◆ **GIVEN ENTRIES**:
============
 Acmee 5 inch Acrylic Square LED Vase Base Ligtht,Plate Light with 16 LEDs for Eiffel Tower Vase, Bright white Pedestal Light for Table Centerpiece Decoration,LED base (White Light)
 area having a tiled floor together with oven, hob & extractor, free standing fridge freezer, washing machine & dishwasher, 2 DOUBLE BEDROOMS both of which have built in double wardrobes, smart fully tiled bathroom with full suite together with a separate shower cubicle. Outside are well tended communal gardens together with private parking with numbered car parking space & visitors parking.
============
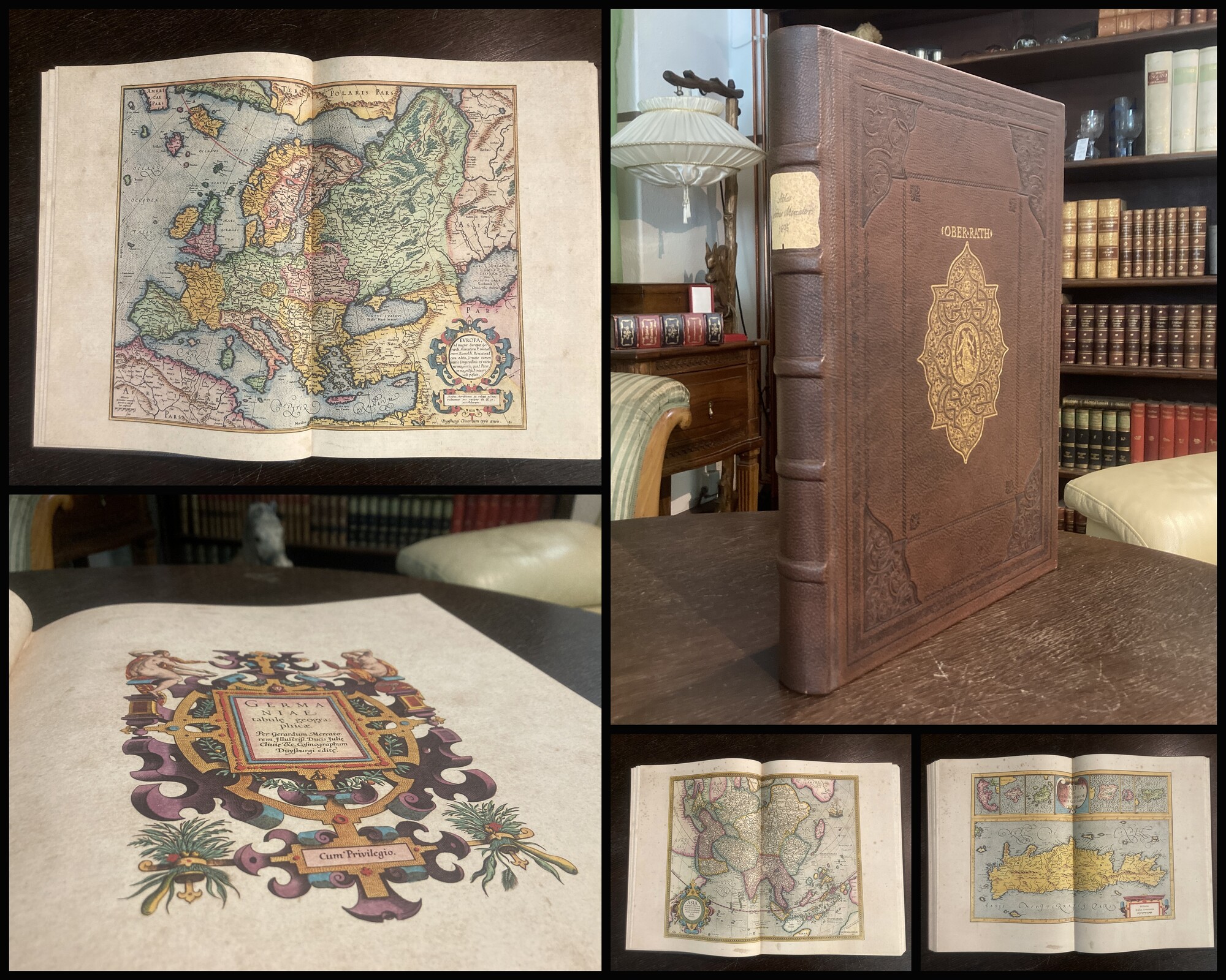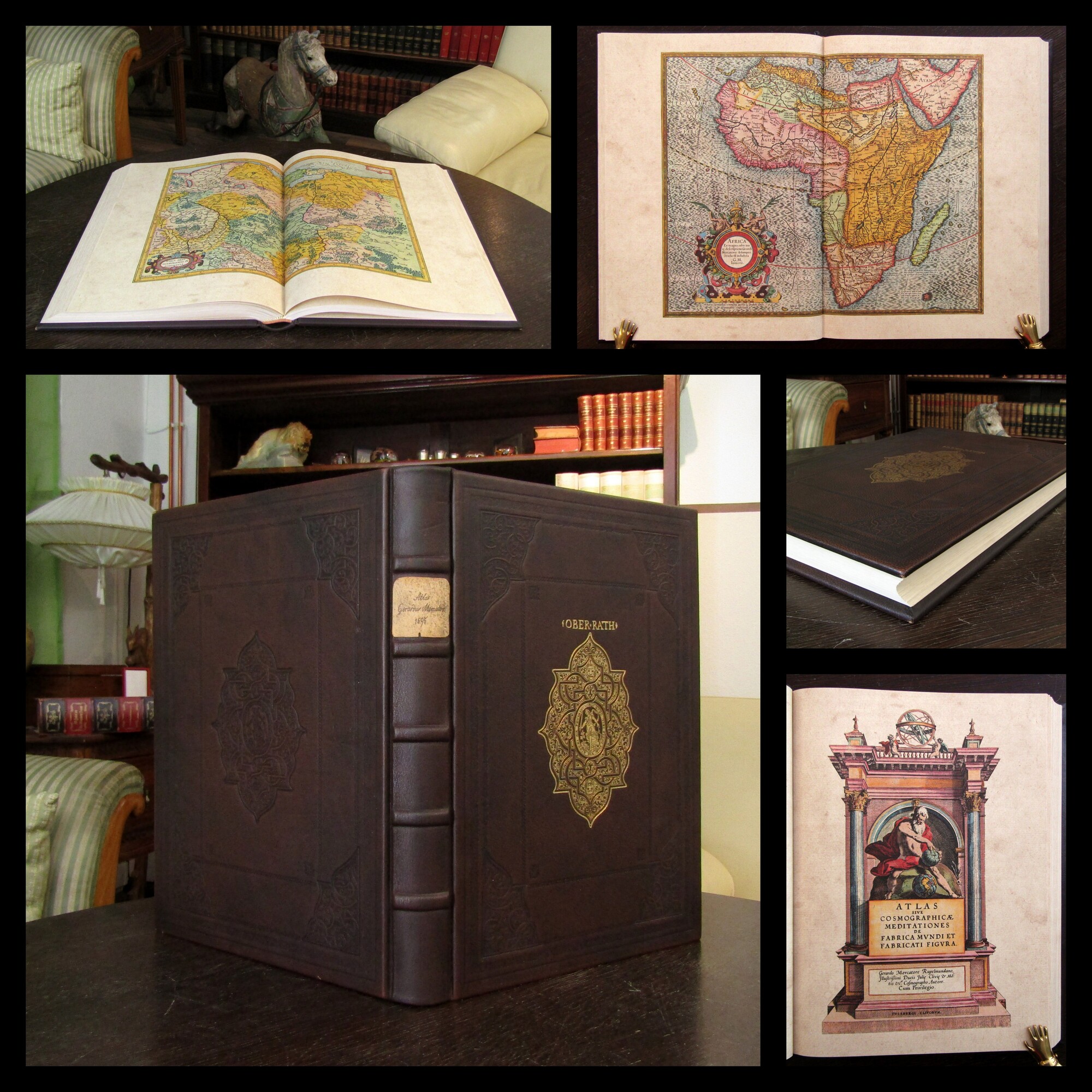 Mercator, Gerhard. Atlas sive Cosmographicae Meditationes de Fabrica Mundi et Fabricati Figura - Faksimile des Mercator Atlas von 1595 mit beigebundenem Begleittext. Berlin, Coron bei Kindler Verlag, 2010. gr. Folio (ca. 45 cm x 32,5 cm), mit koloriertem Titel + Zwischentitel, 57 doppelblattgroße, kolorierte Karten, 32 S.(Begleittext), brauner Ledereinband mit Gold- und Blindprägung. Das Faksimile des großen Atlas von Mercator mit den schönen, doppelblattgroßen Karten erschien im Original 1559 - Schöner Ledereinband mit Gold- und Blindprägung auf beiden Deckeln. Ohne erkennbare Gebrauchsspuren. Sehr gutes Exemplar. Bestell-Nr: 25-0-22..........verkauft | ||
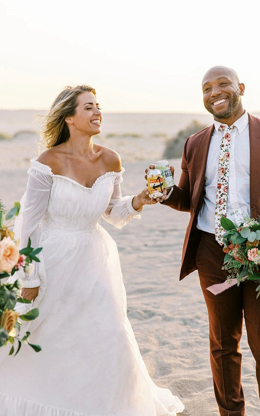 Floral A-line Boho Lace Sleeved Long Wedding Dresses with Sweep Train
============
◆ **DESCRIPTION OF THE TASK**: Produce a word-for-word copy of everything above from the line holding "Acmee 5 inch" down to the line holding "area having a", with both of those lines kept.

◆ **SOLVED PROBLEM**:
 Acmee 5 inch Acrylic Square LED Vase Base Ligtht,Plate Light with 16 LEDs for Eiffel Tower Vase, Bright white Pedestal Light for Table Centerpiece Decoration,LED base (White Light)
 area having a tiled floor together with oven, hob & extractor, free standing fridge freezer, washing machine & dishwasher, 2 DOUBLE BEDROOMS both of which have built in double wardrobes, smart fully tiled bathroom with full suite together with a separate shower cubicle. Outside are well tended communal gardens together with private parking with numbered car parking space & visitors parking.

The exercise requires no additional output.